9' di lettura 31/01/2021 - Intervista a Romain Mocci

Romain Mocci è cresciuto a Grenoble dove ha studiato letteratura e civiltà italiana. Ha fatto l'erasmus ad Arezzo ed è stato assistente di lingua francese a Parma. Nel 2010 ha vinto il concorso per insegnare italiano L2, sempre a Grenoble. Vive a Livron-sur-Drôme e insegna a Bourg-de-Péage, due borghi alle porte della Provenza. Si è trasferito lì due anni fa, dopo aver insegnato in Alta-Savoia, al confine con la Svizzera e la Valle d'Aosta. Ama sciare e fare trekking, viaggiare e scoprire nuovi luoghi.

1. Com’è nato il tuo interesse per la lingua italiana?
Sono italiano di origine, mio padre è sardo, per cui ho sempre conosciuto la cultura e la lingua italiana. Sin da piccolo sentivo mia nonna parlare italiano (e sardo) ed era abbastanza affascinante ascoltare un'altra lingua. A un orecchio francese, l'italiano suona come una melodia.
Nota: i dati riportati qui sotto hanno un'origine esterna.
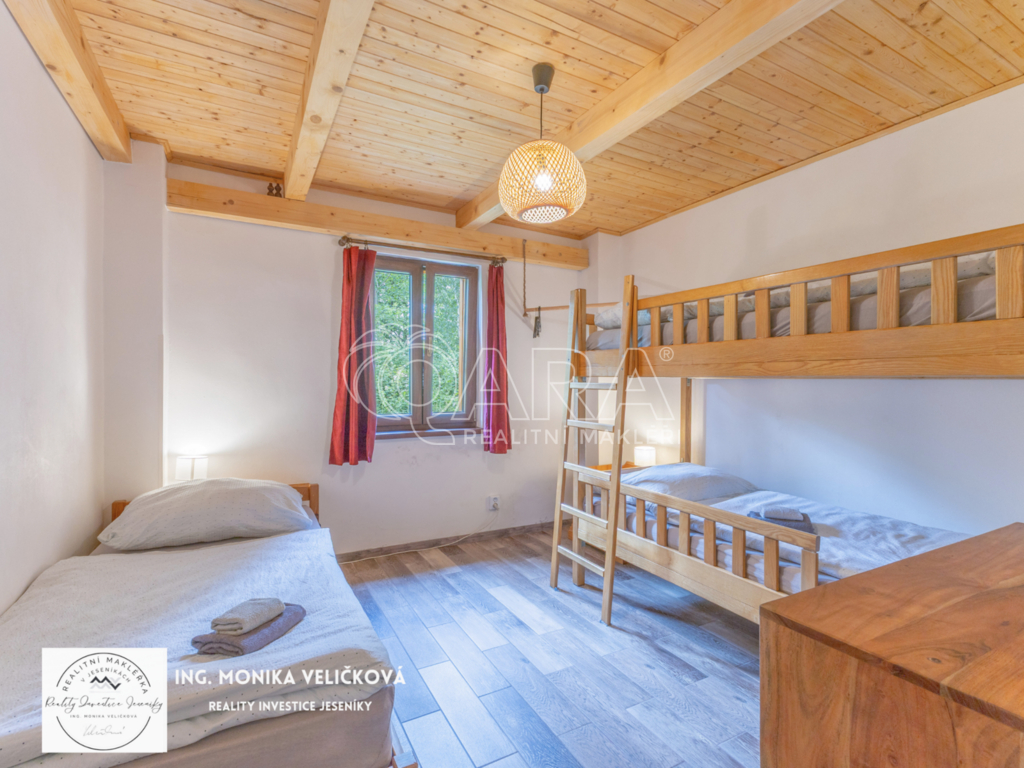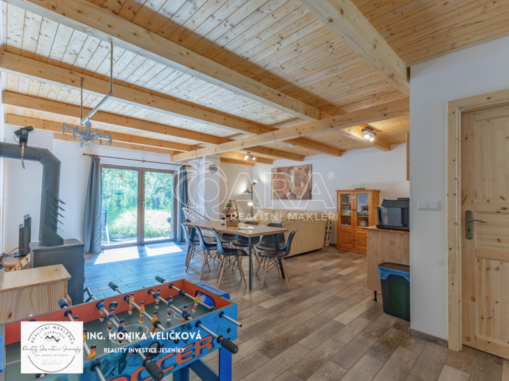 Chalupa stojí na klidném místě u lesa s vlastním pozemkem, přístupovou cestou a parkováním. Výborná dostupnost – Jeseník 10 min, Mikulovice 5 min, Ostrava 2 h, Olomouc 1,5 h.

La lingua piace tanto ai francesi perché è dolce e molto musicale.

2. Quali sono stati gli argomenti oggetto della tua tesi di laurea triennale e poi magistrale?
In Francia non prepariamo una tesi per la triennale. Dobbiamo superare diversi esami e basta. Tuttavia, ho studiato in modo un po' più approfondito il Decameron di Boccaccio e una tematica più linguistica che letteraria: l'evoluzione della lingua italiana (ovvero il « tardo » latino) fino all'italiano contemporaneo. Ho fatto, tra l'altro, una tesina (un esame scritto più che altro) su una lettera scritta dal Boccaccio analizzandone le varie strutture del napoletano dell'epoca e confrontandole con il napoletano odierno. È stato un lavoro molto motivante e interessante. Per la magistrale ho studiato l'opera cinematografica di Pier Paolo Pasolini, mi sono interessato al mito della « barbarie » attraverso i suoi film e mi sono concentrato poi sulla sua visione del Decameron. Come potete capire, sono davvero un appassionato del Decameron, sono sempre stato affascinato da quanto il Boccaccio abbia potuto scrivere a quell'epoca!
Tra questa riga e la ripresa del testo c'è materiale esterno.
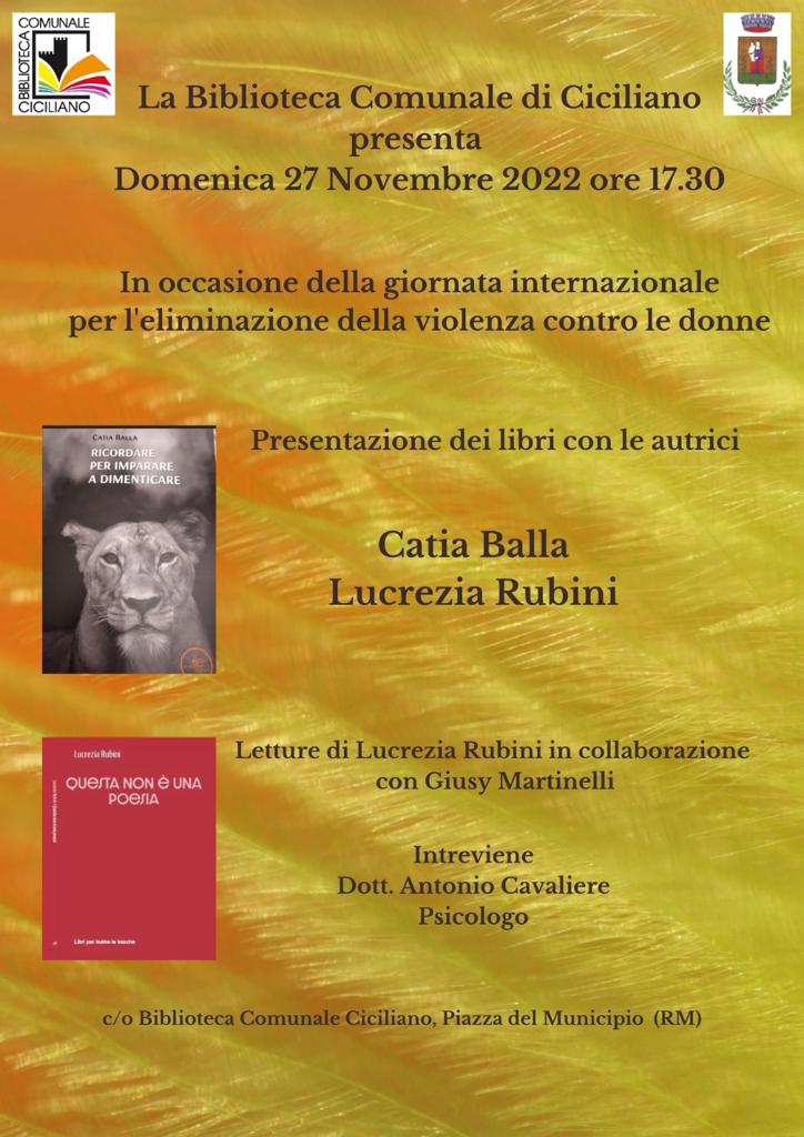 Ciciliano – La Biblioteca comunale di Ciciliano prosegue con grande entusiasmo gli eventi della stagione autunnale. Domenica 27 novembre alle ore 17.30 appuntamento con le autrici Catia Balla e Lucrezia Rubini per presentare i loro libri in occasione della Giornata mondiale per l’eliminazione della violenza contro le donne. Interverrà anche lo psicologo Dott. Antonio Cavaliere. Tutta la comunità è invitata a partecipare.

3. Che studente sei stato?
Ero molto stacanovista, volevo conoscere tantissime cose sulla cultura e la lingua italiana per poi poterle insegnare nei minimi dettagli. Ero e sono tuttora molto perfezionista, guardavo tutti i film, partecipavo a vari festival del cinema italiano, mi informavo, seguivo la politica, la cronaca, tutto! Volevo studiare anche i dialetti perché trasmettono molto delle culture locali.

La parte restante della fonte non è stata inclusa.